Given an input string (s) and a pattern (p), implement regular expression matching with support for '.' and '*'. '.' Matches any single character. '*' Matches zero or more of the preceding element. The matching should cover the entire input string (not partial). Note: s could be empty and contains only lowercase letters a-z  p could be empty and contains only lowercase letters a-z, and characters like . or *

 

class Solution:
    def isMatch(self, s: str, p: str) -> bool:
        # 边界条件，考虑 s 或 p 分别为空的情况
        if not p: return not s
        if not s and len(p) == 1: return False

        m, n = len(s) + 1, len(p) + 1
        dp = [[False for _ in range(n)] for _ in range(m)]
        # 初始状态
        dp[0][0] = True
        dp[0][1] = False

        for c in range(2, n):
            j = c - 1
            if p[j] == '*':
                dp[0][c] = dp[0][c - 2]
        
        for r in range(1,m):
            i = r - 1
            for c in range(1, n):
                j = c - 1
                if s[i] == p[j] or p[j] == '.':
                    dp[r][c] = dp[r - 1][c - 1]
                elif p[j] == '*':       # ‘*’前面的字符匹配s[i] 或者为'.'
                    if p[j - 1] == s[i] or p[j - 1] == '.':
                        dp[r][c] = dp[r - 1][c] or dp[r][c - 2]
                    else:                       # ‘*’匹配了0次前面的字符
                        dp[r][c] = dp[r][c - 2] 
                else:
                    dp[r][c] = False
        return dp[m - 1][n - 1]

class Solution {
public:  
     bool isMatch(string s, string p) {
        return regex_match(s, regex(p));
    }
};

 leetcode-44  Wildcard Matching  通配符匹配  

Given an input string (s) and a pattern (p), implement wildcard pattern matching with support for '?' and '*'. '?' Matches any single character. '*' Matches any sequence of characters (including the empty sequence).
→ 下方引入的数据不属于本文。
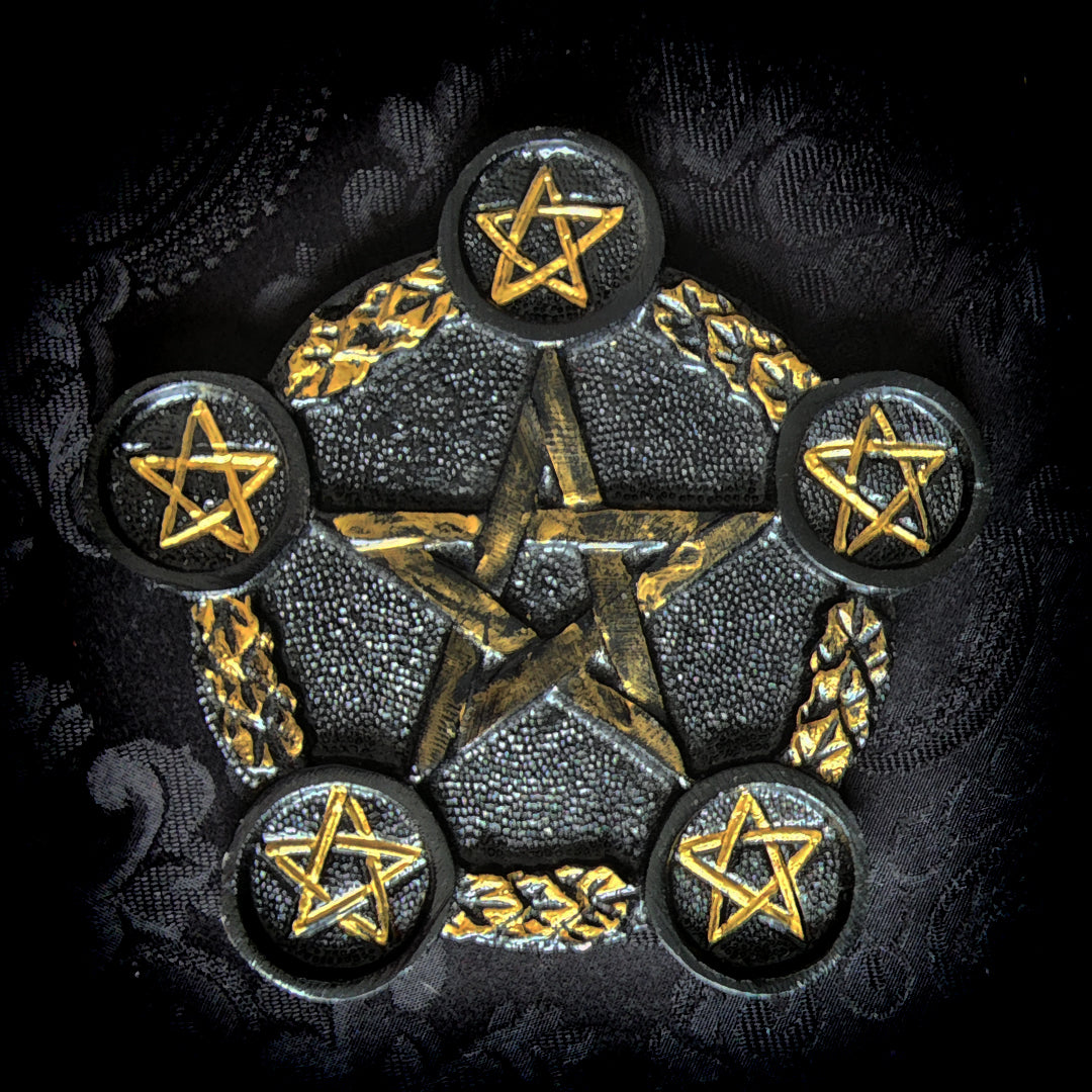 This gorgeous tea light holder is solid, sturdy, and super beautiful. Made of heavy molded resin, there are 5 circular spots for holding tea lights which each have a small star, surrounding a golden Pentagram in the center. A decorative border of golden leaves swirls between each of the candle holding spots and the entire tile is approximately 8 inches across. Perfect for that witch or wizard on your Yule gift list!
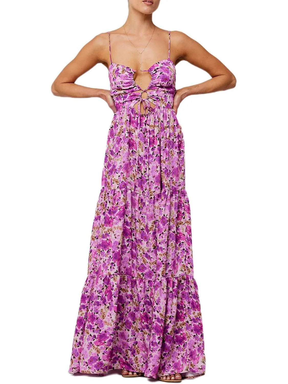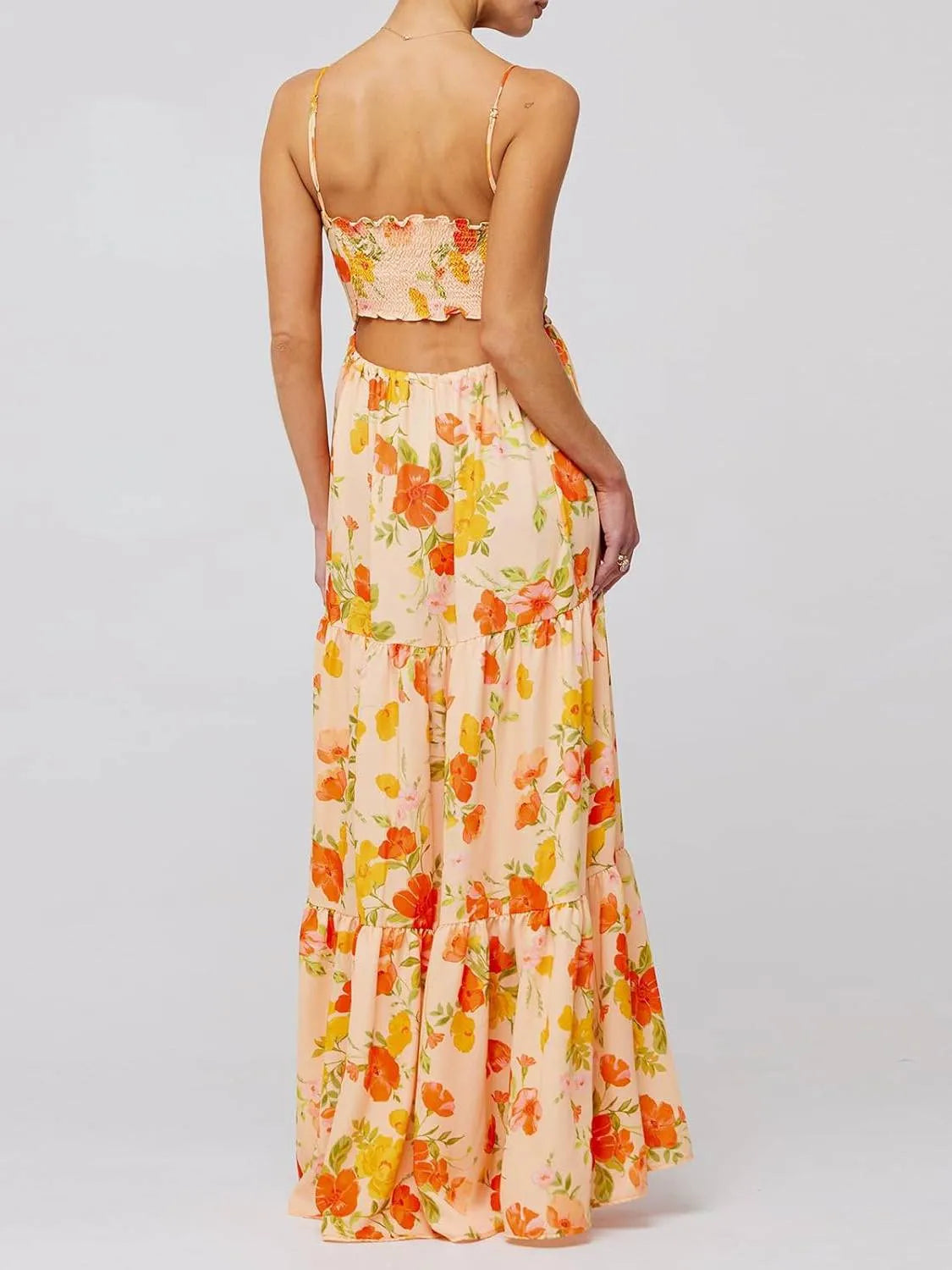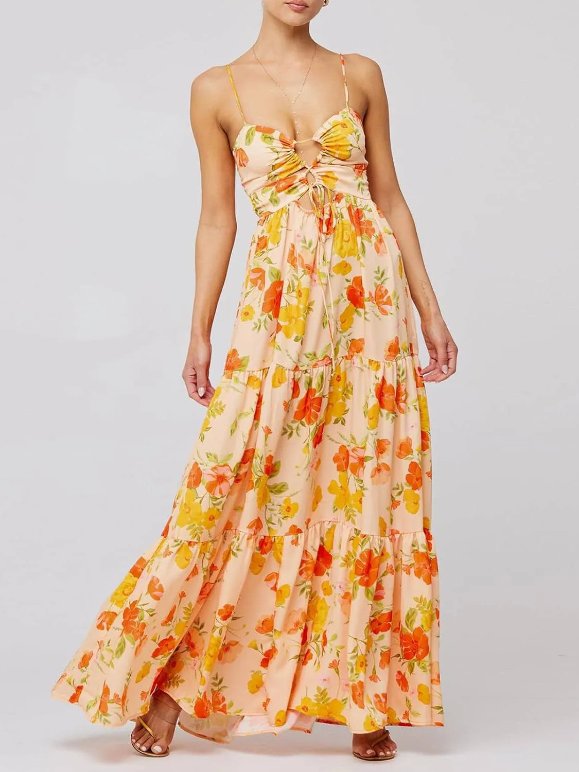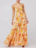 Women's Spaghetti Strap Front Floral Tie-up Boho Beach Vacation Dresses
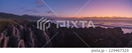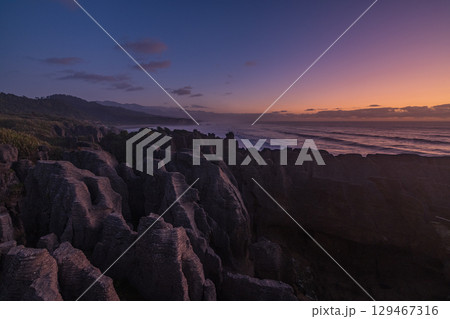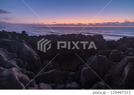 ニュージーランド プナカイキにあるパンケーキ・ロックスからのサンセット
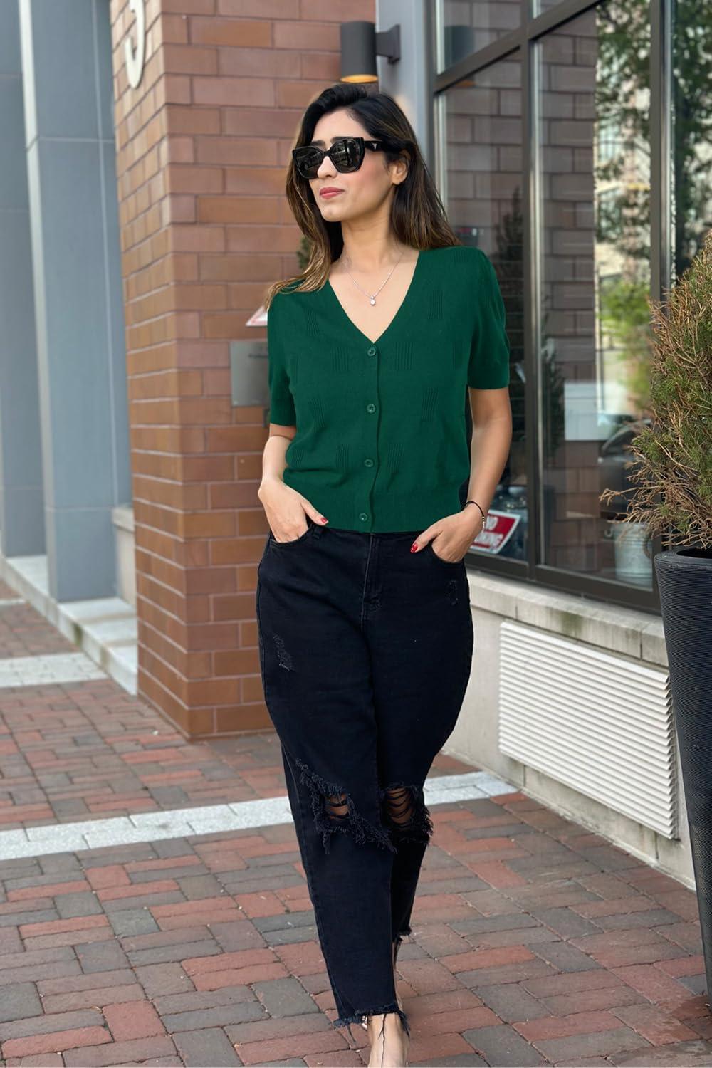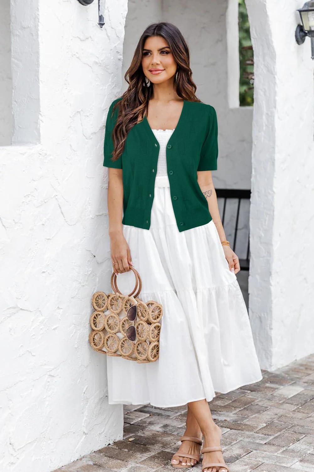 Arach&Cloz Women’s Lightweight Summer Business Casual Cropped Short Sleeve Cardigan(Dark Green)
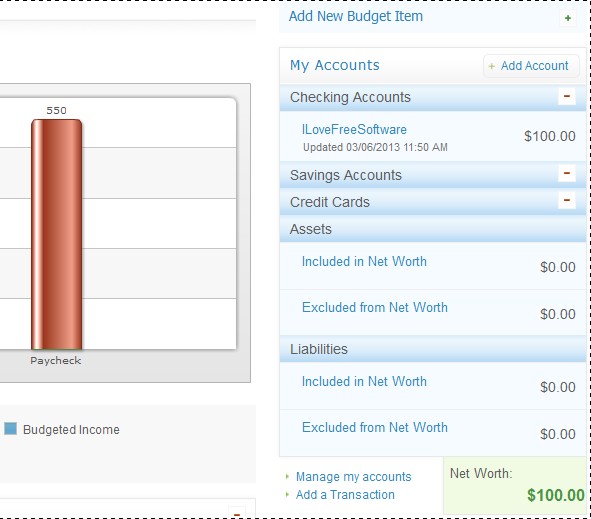 Budget is of course only for creating the monthly budget, but you can also create various different accounts where money’s gonna be saved or from where it’s gonna be paid, credit card account, checking and so on. You’re not actually connecting to your bank account, don’t worry. Controls are available in the right sidebar, while on the left you’re gonna see graphical chart of the budget expenses and income. Click on the Add New Budget Item or Add Account, depending on what you’re interested in adding.
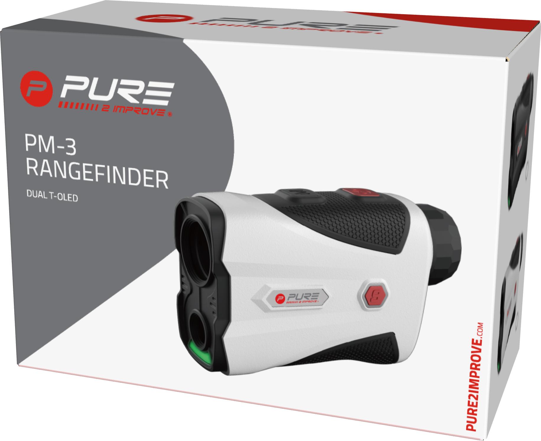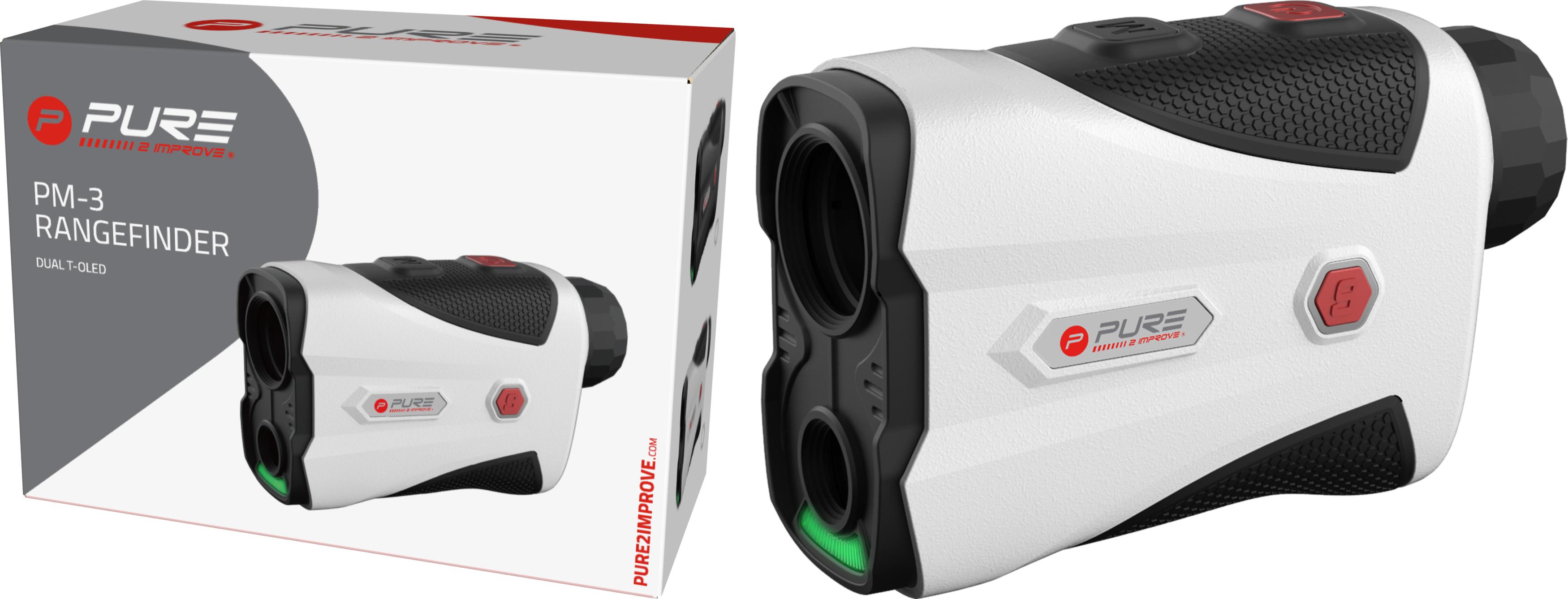 Pure2Improve Rangefinder Oled white/black. Improve your score with the latest technology of the Pure 2Improve O LED rangefinder. Easily get accurate distances by the touch of a button. Now you can hit with confidence using the right club for your game.

The matching should cover the entire input string (not partial). Note: s could be empty and contains only lowercase letters a-z. p could be empty and contains only lowercase letters a-z, and characters like ? or *.

方法1.

class Solution {
  public boolean isMatch(String s, String p) {
    int sLen = s.length(), pLen = p.length();
  
    if (p.equals(s) || p.equals("*")) return true;
    if (p.isEmpty() || s.isEmpty()) return false;

    // init all matrix except [0][0] element as False
    boolean[][] d = new boolean[pLen + 1][sLen + 1];
    d[0][0] = true;

    // DP compute
    for(int pIdx = 1; pIdx < pLen + 1; pIdx++) {
      if (p.charAt(pIdx - 1) == '*') {
        int sIdx = 1;
    
        while ((!d[pIdx - 1][sIdx - 1]) && (sIdx < sLen + 1)) sIdx++;
       
        d[pIdx][sIdx - 1] = d[pIdx - 1][sIdx - 1];
        while (sIdx < sLen + 1) d[pIdx][sIdx++] = true;
      }
      else if (p.charAt(pIdx - 1) == '?') {
        for(int sIdx = 1; sIdx < sLen + 1; sIdx++)
          d[pIdx][sIdx] = d[pIdx - 1][sIdx - 1];
      } 
      else {
        for(int sIdx = 1; sIdx < sLen + 1; sIdx++) {
          d[pIdx][sIdx] = d[pIdx - 1][sIdx - 1] &&
                  (p.charAt(pIdx - 1) == s.charAt(sIdx - 1));
        }
      }
    }
    return d[pLen][sLen];
  }
}

方法2.

算法：

我们使用两个指针：i 遍历输入字符串，j 遍历字符模式串。当 i < s_len：

• 如果字符模式仍有字符 j < p_len 且指针下的字符匹配 p[j] == s[i] 或 p[j] == '?'，则两个指针向前移动。
• 反之如果字符模式仍有字符 j < p_len 且 p[j] == '*'，则首先检查匹配 0 字符的情况，即只增加模式指针 j++。记下可能回溯的位置 jstar 和当前字符串的位置 istar。
• 反之如果出现不匹配的情况：
  • 如果字符模式中没有星号，则返回 False。
  • 如果有星号，则回溯：设置 j = jstar + 1 和 i = istar + 1，假设这次的星匹配多个字符。则可能的回溯为  istar = i。
• 如果字符模式的所有剩余字符都是星号，则返回 True。

例：s="abcdefghe"        p="a*e"    

class Solution {
public:
    bool isMatch(string s, string p) {
        int i = 0, j = 0, iStar = -1, jStar = -1, m = s.size(), n = p.size();
        while (i < m) {
            if (j < n && (s[i] == p[j] || p[j] == '?')) {
                ++i, ++j;
            } else if (j < n && p[j] == '*') {
                iStar = i;
                jStar = j++;
            } else if (iStar >= 0) {
                i = ++iStar;
                j = jStar + 1;
            } else return false;
        }
        while (j < n && p[j] == '*') ++j;//去除多余星号
        return j == n;
    }
};